В шляпках, накрепко пришпиленных к волосам (Элис, естественно, опять водрузила на голову, точно на насест, своего «дохлого зверька»), женщины активно обменивались мнениями по различным вопросам. (Особый интерес вызывали моральные устои молодого поколения.) Некоторые были заняты игрой в карты, кто-то рассказывал о результатах соревнования по выпечке – такие соревнования время от времени налетали на Пойнсдин подобно буре. Бетти Беньон даже прочла краткую лекцию, сообщив секреты выпечки бисквита высшей пробы. А Сьюзен Севедж объяснила всем, как самостоятельно прочистить засорившуюся внешнюю трубу канализации, если мужа дома не оказалось.
Слова «…если вы готовы хорошенько пролить вашу трубу родниковой водой, то отвратительный запах почти сразу исчезнет» едва успели сорваться с губ Сьюзен, когда дверь вдруг распахнулась настежь, а в дверном проеме возникла неуверенно покачивающаяся фигура. Это был Уилл Беньон, муж Бетти.
У Софи, может, и не хватало светского опыта, но даже она с первого взгляда поняла, что Уилл Беньон слишком долго просидел в пабе.
– Дамы! Которая из вас хотела бы сопроводить меня до дому?
– Уилл… – Карты Бетти рассыпались по полу, сверху упал туз червей. Она неуклюже поднялась на ноги, вид у нее был злобный. – Что это еще за представление?
Он в ее сторону и не глянул.
– Заткнись, женщина!
Дочка Сьюзен, Линда Севедж, сделав вид, что тоже уронила карты – пару мелких треф, – незаметно подхватила туза червей.
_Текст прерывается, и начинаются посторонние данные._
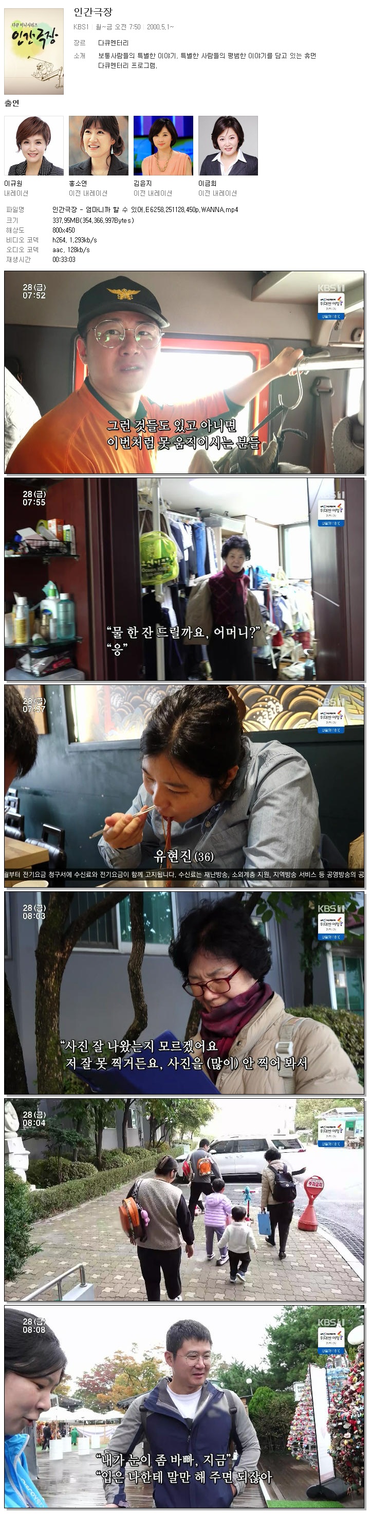 [KBS1] 인간극장.E6258.251128.450p.WANNA.mp4 338 M 00:33:03 800x450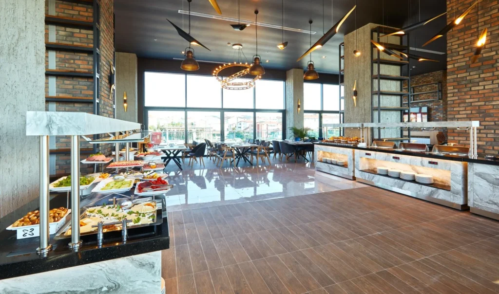 Менюто включва свежа салата, основно ястие по избор – риба/пилешки/телешки кюфтенца, приготвени на дървени въглища. Десертът е Firinda Tahin Helva (фърънда тахин халва), напитките са вода и чай.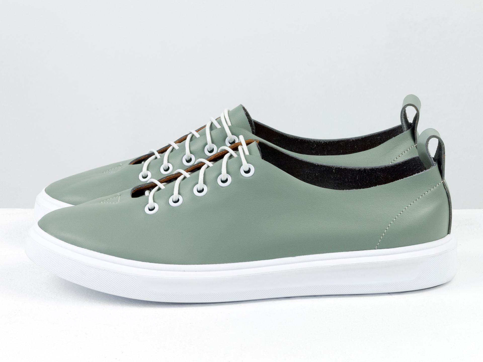 Летние женские кеды из натуральной кожи серо-голубого цвета Gino Figini
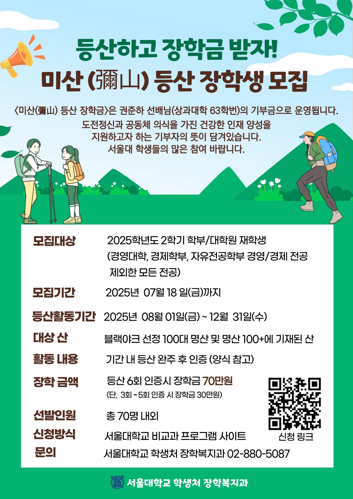 2025학년도 2학기 미산등산장학금 안내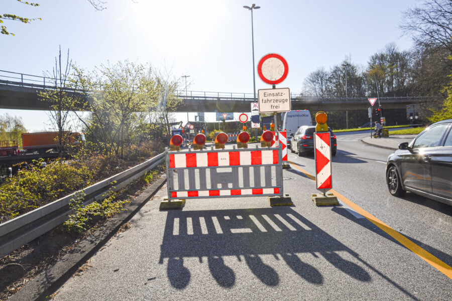 Das Tiefbauamt der Stadt Kiel hat inzwischen mit Arbeiten zur Grundinstandsetzung der Hochstraße Barkauer Kreuz begonnen. Daher ist der „Überflieger“ als Verbindung von der B 404 zur B 76 ebenso gesperrt wie der Kreuzungsbereich darunter. Der durchgehende Verkehr auf dem Theodor-Heuss-Ring wird dadurch aber nicht beeinträchtigt. Die Gewerbegebiete Stormarnstraße und Tonberg sind jederzeit erreichbar. Zunächst sind die Hochstraße und der Kreuzungsbereich unter der Hochstraße (Verbindung Alte Lübecker Chaussee / B 404 sowie Abfahrt B 76 zum Tonberg und zur Alten Lübecker Chaussee) gesperrt. Ebenso ist die Abfahrt von der B 76 (Richtung Norden) zur Neuen Hamburger Straße / B 404 (Richtung Segeberg) für den Verkehr gesperrt. Diese Sperrungen dauern bis zum 16. Juni. Fußgänger*innen und Radfahrer*innen können die Baustellenbereiche auf zum Teil kombinierten Geh- und Radwegen passieren. Die Sperrung wegen der Arbeiten an der Hochstraße nutzt das Tiefbauamt auch dazu, die Ampelanlage im Kreuzungsbereich darunter zu modernisieren. Außerdem gibt es neue Asphaltdecken zwischen Stormarnstraße und Barkauer Kreuz, auch auf den beiden stadtauswärts führenden Fahrspuren zur B 404.

Все было сделано на редкость четко и профессионально.
Бетти залилась болезненным румянцем.
– Ступай домой, Уилл Беньон. Мы с тобой позже поговорим.
Но Уилл обратился к заворожено слушавшей их аудитории:
– Ну так что? Я вроде как приятное предложение сделал. Жаль, что она все испортила.
Сьюзен Севедж вскочила.
– Убирайся отсюда!
Элис подобрала рассыпавшиеся карты Бетти.
– Сюда только женщин пускают, да? – возмутился Уилл. – А мужчинам теперь уж и войти нельзя?
Бетти взяла его за плечи, вытолкнула за дверь, захлопнула ее и вернулась на свое место.
Элис протянула ей карты.
– Ты только что взятку брала, – напомнила она.
Уилл что-то ревел на крыльце, но никто и глазом не моргнул. Игроки внимательно смотрели в карты, вязальщицы вновь застучали спицами, взбодрился и разговор.
Восхитительно, думала Софи. Просто блеск. Фашистам следовало бы дважды подумать, если бы они решили противостоять этой армии решительно настроенных женщин в шляпках, намертво пришпиленных к голове.
Когда собрание закончилось, к Софи подсела Линда Севедж. На ней был зеленый жакет из искусственной замши, облегающий свитер и розовые «велосипедки» до колен. Выглядела она сногсшибательно. Софи ее почти ненавидела.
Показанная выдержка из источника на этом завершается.